## About this task
From the first line to the last, please reproduce the material exactly, skipping the pictures.

## Given information

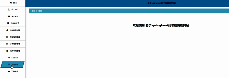 管理员进入主页面,主要包括对个人中心、用户管理、交换者管理、书籍类型管理、书籍信息管理、订单信息管理、交换书籍管理、交流论坛、系统管理、订单管理等进行操作。管理员主页面如图5-8所示:
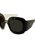 Step into the spotlight with the Gucci GG1093S Hollywood Runway Oversized Wrap Sunglasses, a bold statement piece designed for high fashion and everyday glamour. Featuring a dramatic wrap-around silhouette, these sunglasses showcase a black frame and temples paired with sleek grey lenses for a striking finish.
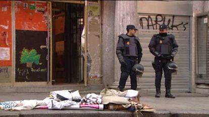 Los okupantes permanecían en el céntrico edificio de la calle Carretas desde el 15 de octubre Detenidas 10 personas por infracción de la ley de extranjería y delito contra la salud pública Los indignados convocan una concentración esta tarde a las 20.00 en la Puerta del Sol

## Answer to this task
 管理员进入主页面,主要包括对个人中心、用户管理、交换者管理、书籍类型管理、书籍信息管理、订单信息管理、交换书籍管理、交流论坛、系统管理、订单管理等进行操作。管理员主页面如图5-8所示:
 Step into the spotlight with the Gucci GG1093S Hollywood Runway Oversized Wrap Sunglasses, a bold statement piece designed for high fashion and everyday glamour. Featuring a dramatic wrap-around silhouette, these sunglasses showcase a black frame and temples paired with sleek grey lenses for a striking finish.
 Los okupantes permanecían en el céntrico edificio de la calle Carretas desde el 15 de octubre Detenidas 10 personas por infracción de la ley de extranjería y delito contra la salud pública Los indignados convocan una concentración esta tarde a las 20.00 en la Puerta del Sol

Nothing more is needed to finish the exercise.